Grafiche velocissime, suono esaltante, gameplay sovraesposto: OutRun è libero,
sconfinato ancora agli inizi del Novanta quando che lo si avvista al fianco di
corsisti di nuova concezione che evidentemente non possono reggerne il
carisma né tanto meno l’impianto di guida arcade di velocismo a oltranza, dove si è
splendidi, vento tra i capelli, biondona coppa-c per dentro e arroganza tipica dello yuppie
anni ’80 che vuole arrivare, ma arrivare non si sa dove e l’importante è che
si arrivi. Allora guidi. Il volante scuote già che quasi che la strada è
finita, e ti riesce di evitare il camion che corre sul lato opposto di un maggiolino che incrocia e
ti stringe contro il cartellone del secondo bivio in zona
superstrada, prossimi al dosso, dove la
situazione accade non sostenibile poiché non sai se dopo viene una curva
verso destra o verso manca e il
freno andrebbe usato. Ma non abusarne. Il tamponamento sottrae al
cronometro due secondi se va bene, e talune curve possono essere inoltrate al massimo della velocità
senza correre eccessivi rischi fino al traguardo, nel momento in cui la
Ferrari Testarossa cade in pezzi e folle esultanti ti proclamano Sommo
Imperatore del Classismo. Ma ci vuole il manubrio. Ché poi, col joypad in
mano e magari su Mega Drive vogliono farci credere che il tempo passa anche per OutRun.
Impudenti.
Il motore bidimensionale di OutRun è, di fatto, l’apice delle tecnologie a coin-op del periodo. La sensazione di fluidità e dinamismo
oltrepassa i limiti del video, scheggia la vista in un brivido di derapage e
orizzonti infiniti dai quali si vede il paesaggio che viene dopo, al tramonto, infilando
strettoie di pilastri a duecento all’ora, col dettaglio di bordo pista mostrante tabelloni,
case, strutture balneari. Funzionante il
metodo di sterzata progressiva. Puntuale in aggiustamento dà licenza di
accelerare finché
è dovuto, verso i bivi, la folgorante intuizione che taglia la partita in modifica del
track design conseguente, sicché l’atto del diramare divenga motivo di trasformazione,
urgenza di ridefinizione delle tecniche di sorpasso nonché dei tempi del trapasso, di
schianto sulle rocce di un Grand Canyon il cui imbocco s’era in precedenza ignorato in
favore del quadro coi mulini, quello dove ci stanno i prati in fiore e il cielo è sempre
più blu. OutRun, il videogioco più influente della Sega
e ancora
Magical Sound Shower, il sound arcade per antonomasia corrono paralleli verso la storia in
plasmatura di uno stuolo di ragazzini che prima dell’Ottantasei risulta
inabile a identificare il
delirio della velocità in super scaler, quell’effetto in bitmap che è un po’
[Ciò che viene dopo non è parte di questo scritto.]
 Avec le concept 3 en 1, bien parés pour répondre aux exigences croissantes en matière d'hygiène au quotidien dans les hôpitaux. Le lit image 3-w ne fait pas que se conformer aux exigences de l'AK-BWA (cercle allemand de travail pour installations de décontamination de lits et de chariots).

zoom, un po’ aggiornamento a doppio processore, un po’ fantascienza agli occhi di codesti
possessori medi di Commodore 64 che è già tanto se possono permettersi di
comprarsi la
conversione di
Buggy Boy, che era
comunque venuta fuori piuttosto bene. Rivoluzione. Per mezzo di questa
rivoluzionaria scheda capace di generare sprite hardware manco fossero
pixel a quattro bit e attraverso l’imposizione delle mani di Yu Suzuki, che
fino all’altro ieri stava ancora tra le aule della
facoltà di Scienze Elettroniche della Prefettura di Okayama, OutRun sovrascrive
il videogioco che era stato e passa allo stadio successivo dell’intrattenimento arcade.